Instructions for the task: In this exercise, the entries below include pictures. Repeat exactly the lines from the line with "Nina Ricci l'air" to the line with "A trick I use", including both, but without the pictures.

Supplied information:
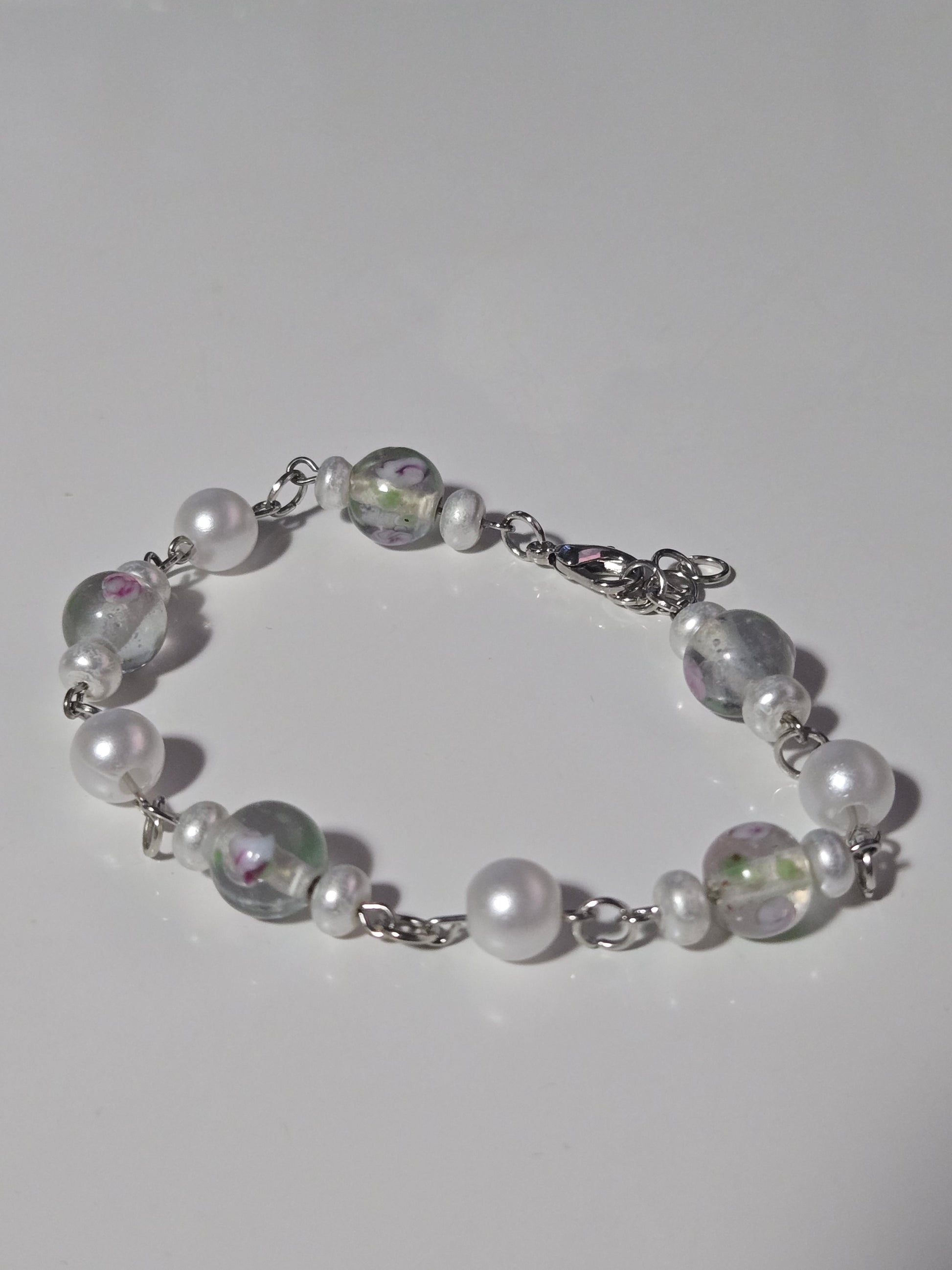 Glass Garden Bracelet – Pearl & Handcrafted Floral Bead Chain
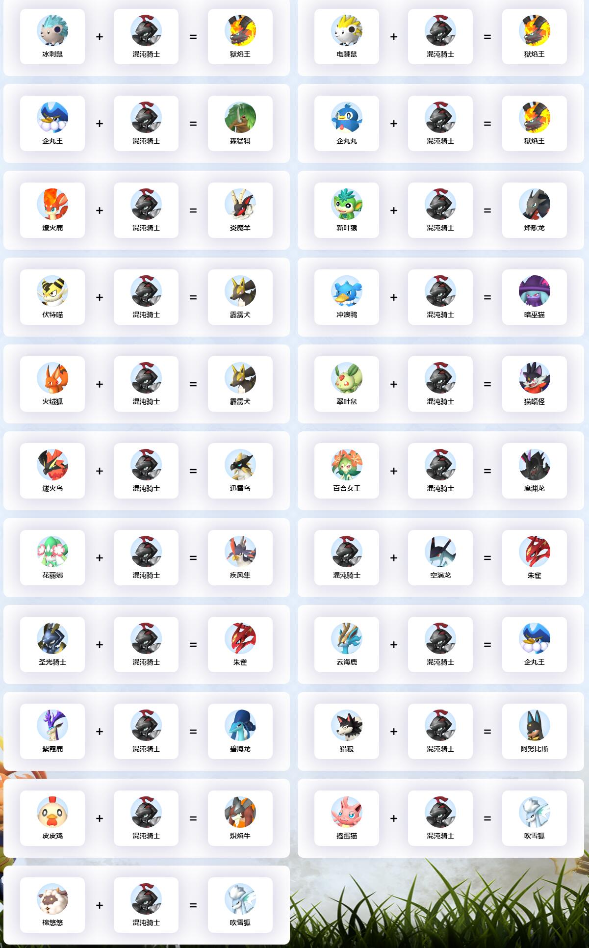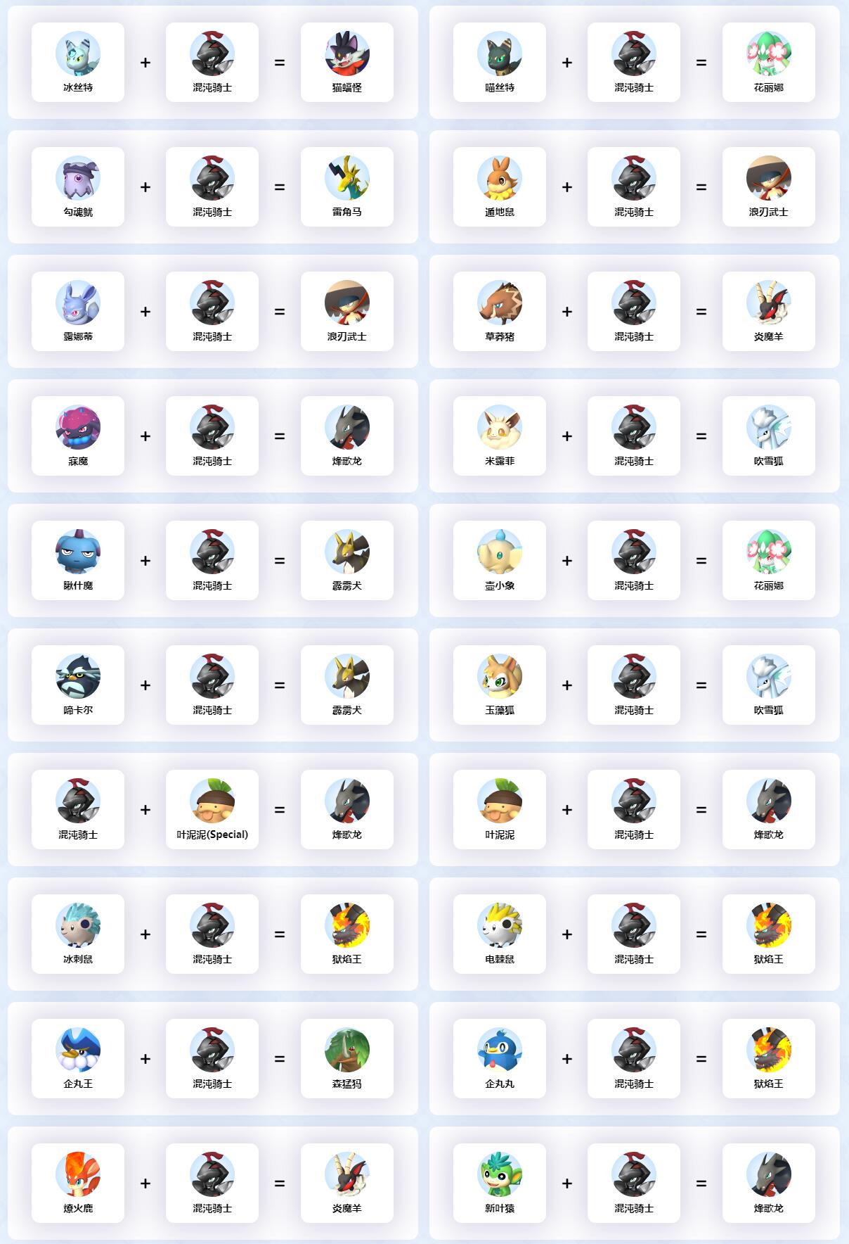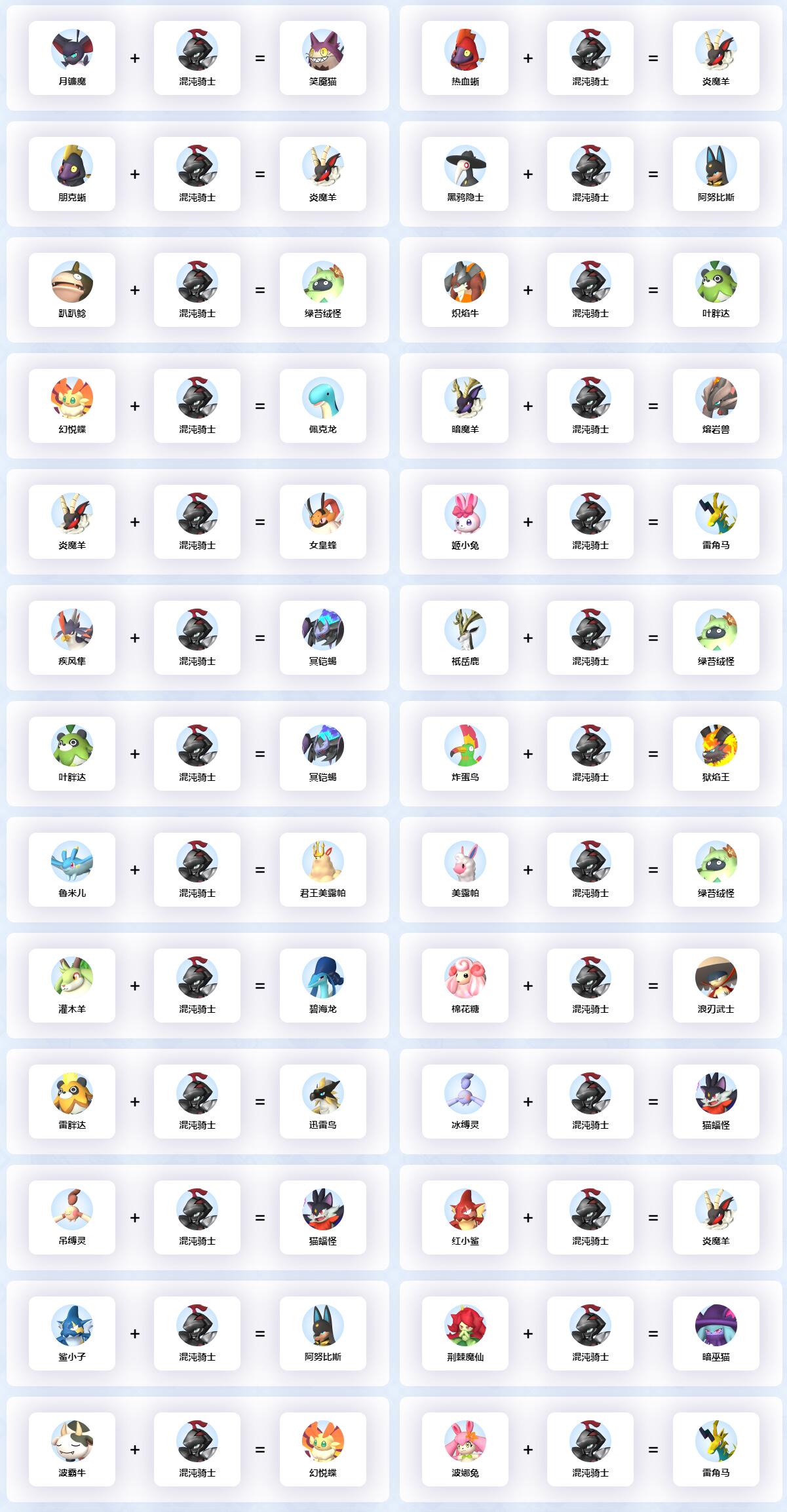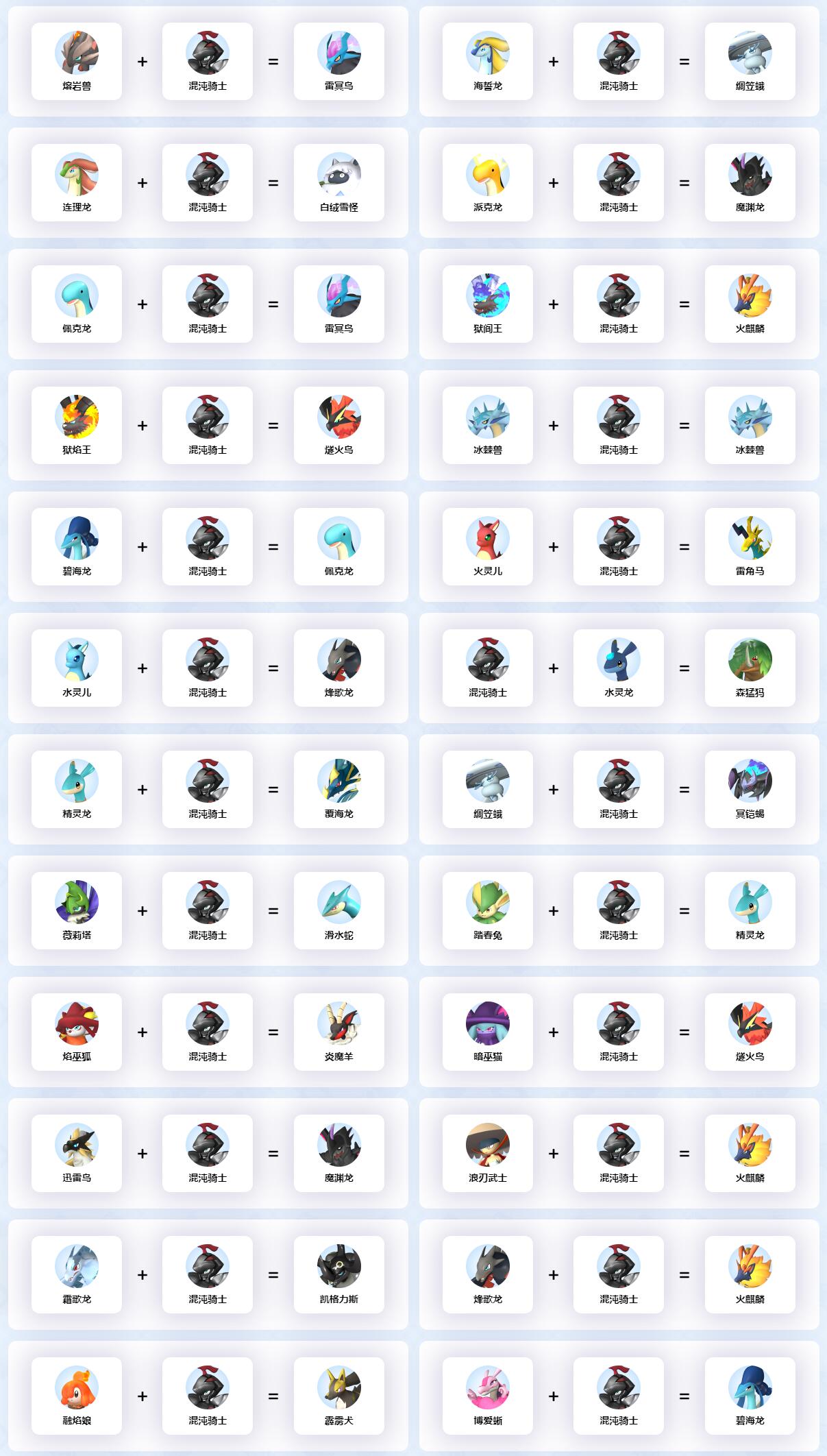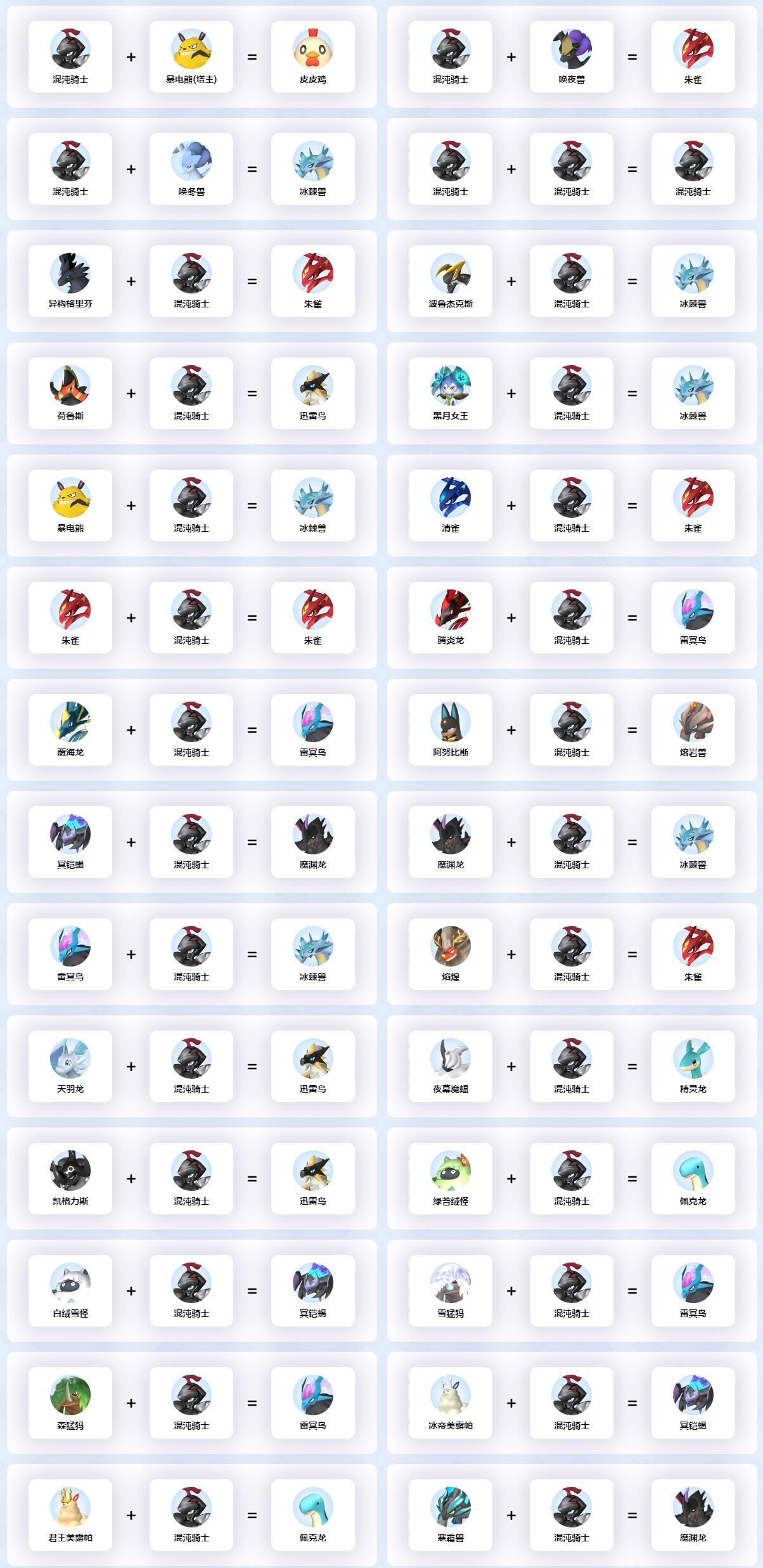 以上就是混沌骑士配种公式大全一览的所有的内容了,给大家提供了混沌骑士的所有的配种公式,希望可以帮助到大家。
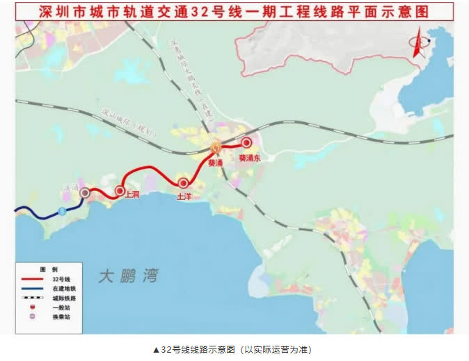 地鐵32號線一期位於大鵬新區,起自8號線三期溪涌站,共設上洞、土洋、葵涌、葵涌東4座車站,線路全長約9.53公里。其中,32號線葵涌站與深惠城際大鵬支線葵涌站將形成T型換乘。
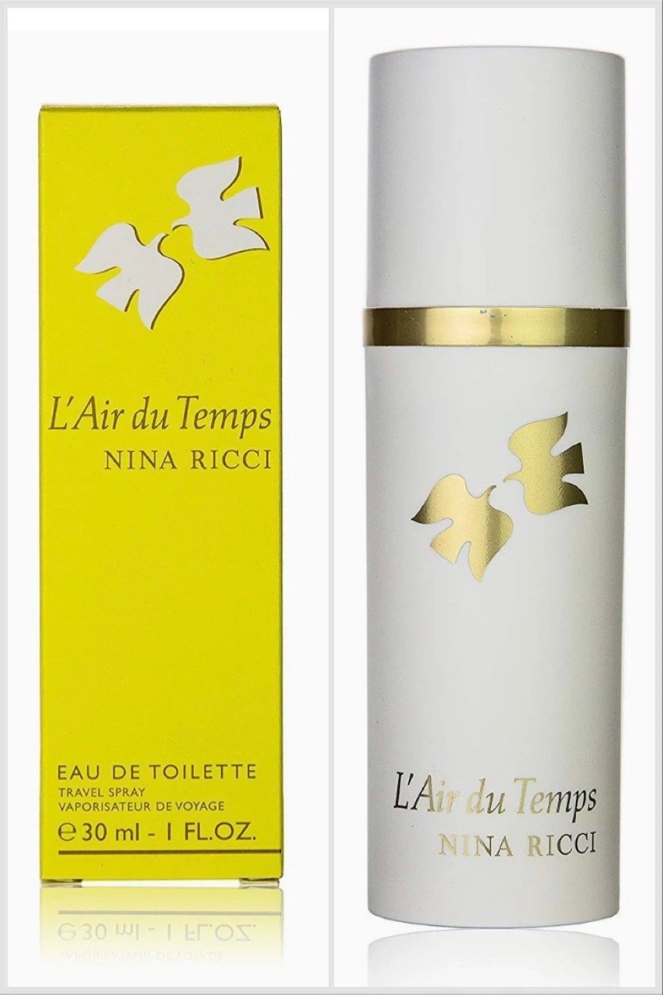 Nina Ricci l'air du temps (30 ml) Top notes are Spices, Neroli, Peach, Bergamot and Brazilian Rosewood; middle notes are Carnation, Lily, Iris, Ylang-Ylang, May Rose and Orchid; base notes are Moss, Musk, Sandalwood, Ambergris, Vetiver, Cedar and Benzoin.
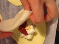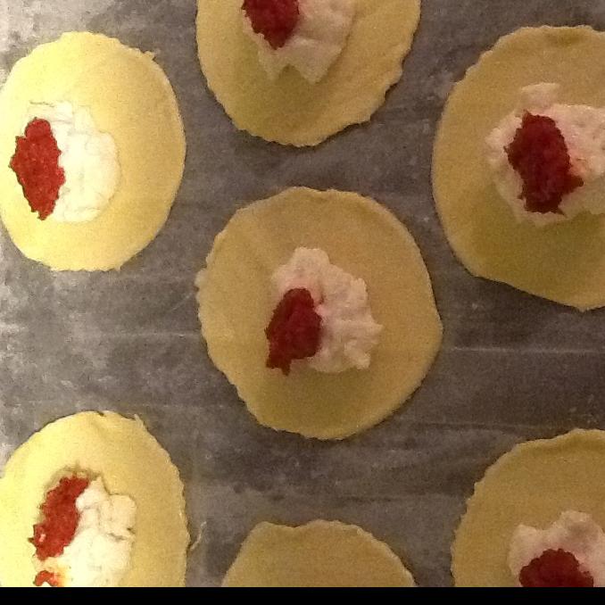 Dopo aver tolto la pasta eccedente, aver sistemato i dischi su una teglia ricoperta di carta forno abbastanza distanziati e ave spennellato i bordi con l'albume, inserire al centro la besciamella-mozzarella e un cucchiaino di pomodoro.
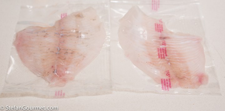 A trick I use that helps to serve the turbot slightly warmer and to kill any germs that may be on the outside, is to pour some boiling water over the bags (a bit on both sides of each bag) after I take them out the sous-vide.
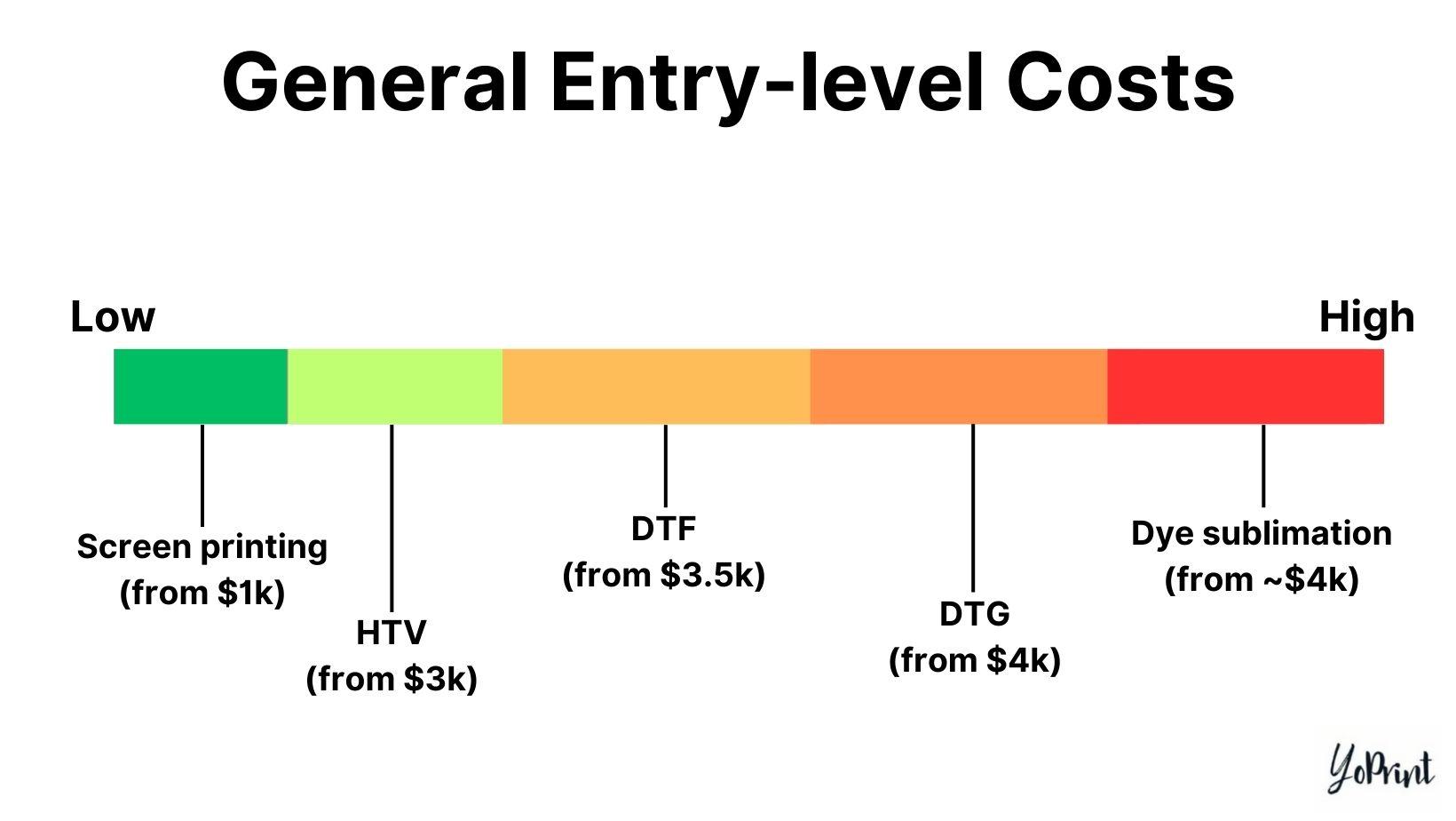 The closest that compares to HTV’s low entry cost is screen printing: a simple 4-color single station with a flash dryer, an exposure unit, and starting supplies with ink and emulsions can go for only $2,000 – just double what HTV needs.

Your response:
 Nina Ricci l'air du temps (30 ml) Top notes are Spices, Neroli, Peach, Bergamot and Brazilian Rosewood; middle notes are Carnation, Lily, Iris, Ylang-Ylang, May Rose and Orchid; base notes are Moss, Musk, Sandalwood, Ambergris, Vetiver, Cedar and Benzoin.
 Dopo aver tolto la pasta eccedente, aver sistemato i dischi su una teglia ricoperta di carta forno abbastanza distanziati e ave spennellato i bordi con l'albume, inserire al centro la besciamella-mozzarella e un cucchiaino di pomodoro.
 A trick I use that helps to serve the turbot slightly warmer and to kill any germs that may be on the outside, is to pour some boiling water over the bags (a bit on both sides of each bag) after I take them out the sous-vide.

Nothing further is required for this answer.